4.2. A “Diploidized” SNP Screening Strategy to Address Polyploid Challenges

The widespread presence of homologous sequences and multi-allelic sites in the polyploid sugarcane genome poses significant challenges for molecular marker development [26]. Unlike the common “pseudo-diploid” simplification strategy, this study implemented stringent pre-screening. During marker development, we systematically identified SNP loci located in single-copy (single-dose) genomic regions through whole-genome BLAST alignment and confirmed their clear biallelic patterns in sequencing data. This critical step means that the final SNP marker set developed here is not a simplification of complex signals, but originates from loci within the sugarcane genome that inherently exhibit diploid-like genetic behavior. This strategy not only avoids interference from homologous sequences and ambiguous allele dosage interpretation, ensuring the specificity and reproducibility of PCR-LDR detection, but also enables subsequent population genetic analyses to be conducted under standard diploid models, thereby improving the reliability and interpretability of the results. This approach provides a feasible pathway for practical marker development in other polyploid crops.

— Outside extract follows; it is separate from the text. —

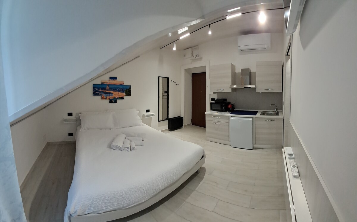 Un'elegante Suite nel centro di Torino, wi-fi fibra ottica, park gratuito a 400m, 10 minuti da stazione Porta Susa, collocato al piano terreno di un signorile palazzo, in una tranquilla via con numerosi parcheggi. Monolocale caldo e funzionale, perfetto per coppie o per famiglie fino a 4 persone. Letto matrimoniale nel soppalco e divano letto matrimoniale in zona giorno. Bagno moderno privato uso esclusivo, cucina attrezzata e con lavastoviglie, climatizzatore, ampi armadi, biancheria inclusa.
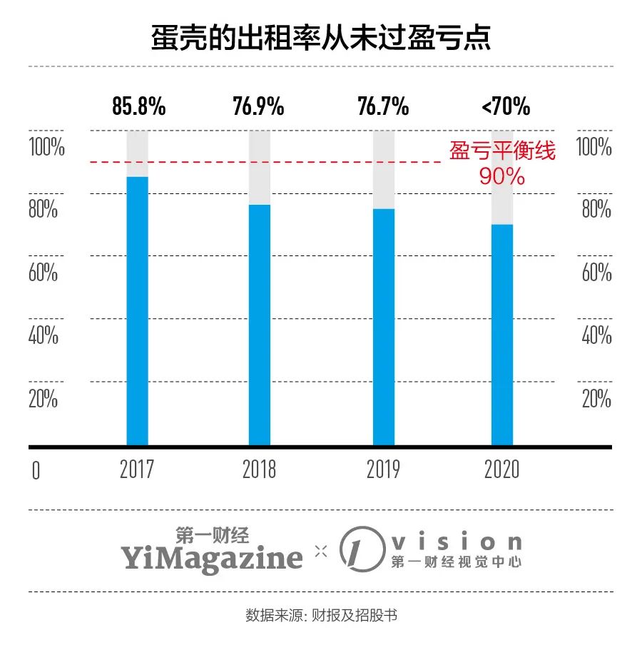 2017年至2019年,蛋壳公寓的出租率分别为85.8%、76.9%和76.7%,从未达到业界认为的盈亏平衡点——90%。

4.3. Implications of Reference Genome Selection and Empirical Validation

Beyond the marker screening strategies for polyploid genomes discussed above, the selection of an appropriate reference genome is itself a critical factor influencing the efficacy of SNP marker development. In this study, the S. officinarum LA-Purple genome was selected as the reference, primarily due to its status as one of the earliest high-quality, chromosome-scale assemblies [11]. However, we recognize that modern sugarcane cultivars are complex interspecific hybrids derived from S. officinarum (contributing high sugar content) and S. spontaneum (contributing stress tolerance). The use of a single ancestral (S. officinarum) reference genome may theoretically lead to reduced sensitivity in detecting alleles originating from the S. spontaneum subgenome, thereby potentially affecting the comprehensiveness of SNP discovery and subsequent population genetic inferences.
To evaluate the practical impact of this potential bias and validate the effectiveness of the marker system developed in this study, we conducted a direct comparative analysis (see Section 3.5). Using an identical filtering pipeline, we derived a set of SNPs from the S. spontaneum AP85-441 genome. Comparative results revealed that the SNP panel based on S. officinarum (Figure 5A) provided clearer clustering structures consistent with geographical origins when distinguishing major Chinese cultivars, whereas the SNP set based on S. spontaneum (Figure 5D,E) partitioned the same materials into only two genetic groups, exhibiting lower resolution.
This empirical evidence demonstrates that, despite the theoretical limitations, the SNP panel developed using the S. officinarum reference genome exhibits superior practicality and discriminatory power for the identification and genetic analysis of modern cultivars dominated by S. officinarum genetic backgrounds. This is likely because genomic regions associated with agronomic traits—particularly sugar metabolism—in modern high-sugar cultivars are predominantly inherited from S. officinarum. Thus, our selection is justified and effective at the practical application level.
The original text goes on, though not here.